Students begin coding for their GSoC projects

2009-04-05 09:54
Title: Students begin coding for their GSoC projects
Link out: Click here
Description: GSoC time.
Date: 2009-05-26

Apache Con Europe 2009 - part 3

2009-03-29 19:56
Friday was the last conference day. I enjoyed the Apache pioneers panel with a brief history of the Apache Software Foundation as well as lots of stories on how people first got in contact with the ASF.

After lunch I went to the testing and cloud session. I enjoyed the talk on continuum and its uses by Wendy Smoak. She gave a basic overview of why one would want a CI system and provided a brief introduction to continuum. After that Carlos Sanchez showed how to use the cloud to automate interface tests with Selenium: The basic idea is to automatically (initiated through maven) start up AMIs on EC2, each configured with another operating system and run Selenium tests against the application under development in these. Really nice system for running automated interface tests.

The final session for me was the talk by Chris Anderson and Jan Lehnardt on CouchDB deployments.

The day ended with the Closing Event and Raffle. Big Thank You to Ross Gardler for including the Berlin Apache Hadoop Get Together in newthinking store in the announcements! Will sent the CfP to concom really soon, as promised. Finally I won one package of caffeinated sweets at the Raffle - does that mean less sleep for me in the coming weeks?

Now I am finally back home and had some time to do a quick writeup. If you are interested in the complete notes, go to http://fotos.isabel-drost.de (default login is published in the login window). Looking forward to the Hadoop User Group UK on 14th of April. If you have not signed up yet - do so now: http://huguk.org

Apache Con Europe 2009 - part 2

2009-03-29 19:42
Thursday morning started with an interesting talk on open source collaboration tools and how they can help resolving some collaboration overhead on commercial software projects. Four goals can be reached with the help of the right tools: Sharing the project vision, tracking the current status of the project, finding places to help the project and documenting the project history as well as the reasons for decisions along the way. The exact tool used is irrelevant as long as it helps to solve the four tasks above.

The second talk was on cloud architectures by Steve Loughran. He explained what reasons there are to go into the cloud, what a typical cloud architecture looks like. Steve described Amazon's offer, mentioned other cloud service providers and highlighted some options for a private cloud. However his main interest is in building a standardised cloud stack. Currently choosing one of the cloud provides means vendor lock-in: Your application uses a special API, your data are stored on special servers. There are quite a few tools necessary for building a cloud stack available at Apache (Hadoop, HBase, CouchDB, Pig, Zookeeper...). The question that remains is how to integrate the various pieces and extend where necessary to arrive at a solution that can compete with AppEngine or Azure?
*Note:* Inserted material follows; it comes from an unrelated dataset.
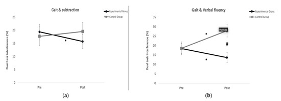Results from the dual-task tests: (a) Experimental group reduced significantly the dual task interference for the Gait and subtraction test after the training program; (b) Experimental group reduced significantly the dual task interference for the Gait and subtraction test after the training program, while the control group increased it significantly. After the program training, the experimental group was significantly better than the control group in the Gait and Verbal fluency test. * Differences with pre (p < 0.05). # Differences with experimental group (p < 0.05).

After lunch I went to the Solr case study by JTeam. Basically one great commercial for Solr. They even brought the happy customer to Apache Con to talk about the experience of Solr from his point of view. Great work, really!

The Lightning Talk session ended the day - with a "Happy birthday to you" from the community.

After having spent the last 4 days from 8a.m. to 12p.m. at Apache Con I really did need some rest on Thursday and went to bed pretty early: At 11p.m. ...

Apache Con Europe 2009 - part 1

2009-03-29 18:41
The past week members, committers and users of Apache software projects gathered in Amsterdam for another Apache Con EU - and to celebrate the 10th birthday of the ASF. One week dedicated to the development and use of Free Software and the Apache Way.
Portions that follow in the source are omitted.